Natural Language Processing (NLP) for Accessibility
The "Natural Language Processing (NLP) for Accessibility" initiative focuses on utilizing Natural Language Processing to analyze social media interactions and bug reports to enhance digital accessibility. This project aims to extract and synthesize insights from user-generated content to improve accessibility features in software applications, particularly for individuals with visual disabilities or eye conditions.
Motivation
Digital platforms and software updates frequently introduce changes that can inadvertently compromise accessibility. The motivation behind this project stems from the need to systematically analyze feedback from users, especially those with visual impairments, to identify and address these unintended consequences. By focusing on social media data and bug reports, the project leverages a rich source of real-time, user-generated insights that can guide developers in creating more inclusive technologies.
Project Goals
Accessibility Feedback Analysis: Develop NLP tools to automatically extract and classify accessibility-related feedback from social media and bug reports, focusing on visual disabilities and eye conditions.
Impact Assessment of Updates: Analyze how software updates affect app accessibility by studying user reviews and feedback over time, helping developers understand the ramifications of their modifications.
Interactive Reporting Tools: Create advanced NLP-driven reporting tools that allow developers to quickly identify common issues and trends in accessibility, enabling more responsive and informed development practices.

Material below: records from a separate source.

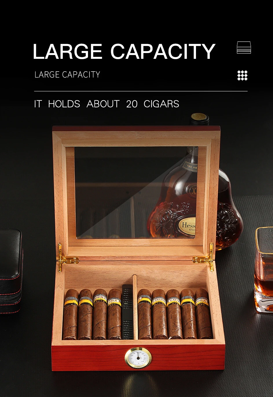 Меньше ожидаемого. Всего 15 сигар (Cohiba Behike 56). Тем не менее хорошая отделка и гигрометр работают должным образом. Очень быстрая доставка и упаковка хорошо защищены
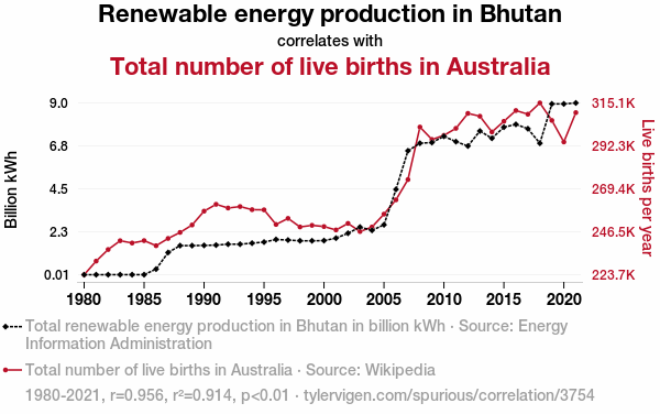 - The spurious research paper: Shocking Connections: Renewable Energy from the Land of the Thunder Dragon and a Baby Boom Down Under
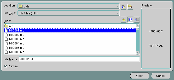 You can see the Open File dialog box by choosing File > Open > By File Name. Then choose the NLB (National Language Binary) file that you want to modify or use as a template. An NLB file is a binary file with the file extension .nlb that contains the binary equivalent of the information in the NLT file. The following screen shows the Open File dialog box with the lx00001.nlb file selected. The Preview pane shows that this NLB file is for the AMERICAN language.
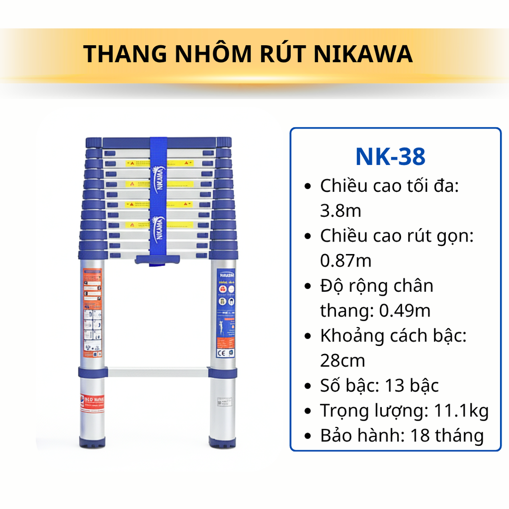 Thang nhôm rút NK-38 NEW có thể sử dụng ở các chiều cao từ 0,87m cho đến 3,8m.
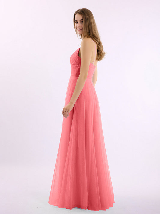 Babaroni ElvaVestido largo de tul con tirantes finos y escote en corazón Sandía

Enhancement of Accessibility Features: Use insights gained from NLP analysis to recommend specific changes and improvements in software design, aiming to mitigate barriers introduced by updates and ensure continuous accessibility compliance.
Charectrization
Our preliminary investigations have uncovered significant insights into the challenges and impacts of digital accessibility for individuals with visual impairments. These findings reveal that software updates, while intended to enhance functionality, can inadvertently introduce barriers for visually impaired users. By analyzing a wealth of user feedback, including accessibility reviews and bug reports across various platforms, we have identified recurring issues that affect the user experience. This analysis serves as a foundation for our NLP-driven initiatives, guiding our efforts to develop tools that can systematically address and rectify these accessibility concerns.
Human-Powered
Integrating human expertise with automated NLP analysis, this project involves collaboration with accessibility experts and the visually impaired community to refine the accuracy and relevance of the NLP tools. This approach ensures that the solutions developed are not only technologically sound but also practically beneficial for users with disabilities.
Accessibility Layers
By implementing a layered NLP framework, the project seeks to address various aspects of accessibility feedback analysis—from initial data collection to deep semantic analysis and actionable reporting. This structured approach ensures that each stage of feedback processing contributes to a comprehensive understanding of user experiences, ultimately leading to more accessible and inclusive software developments.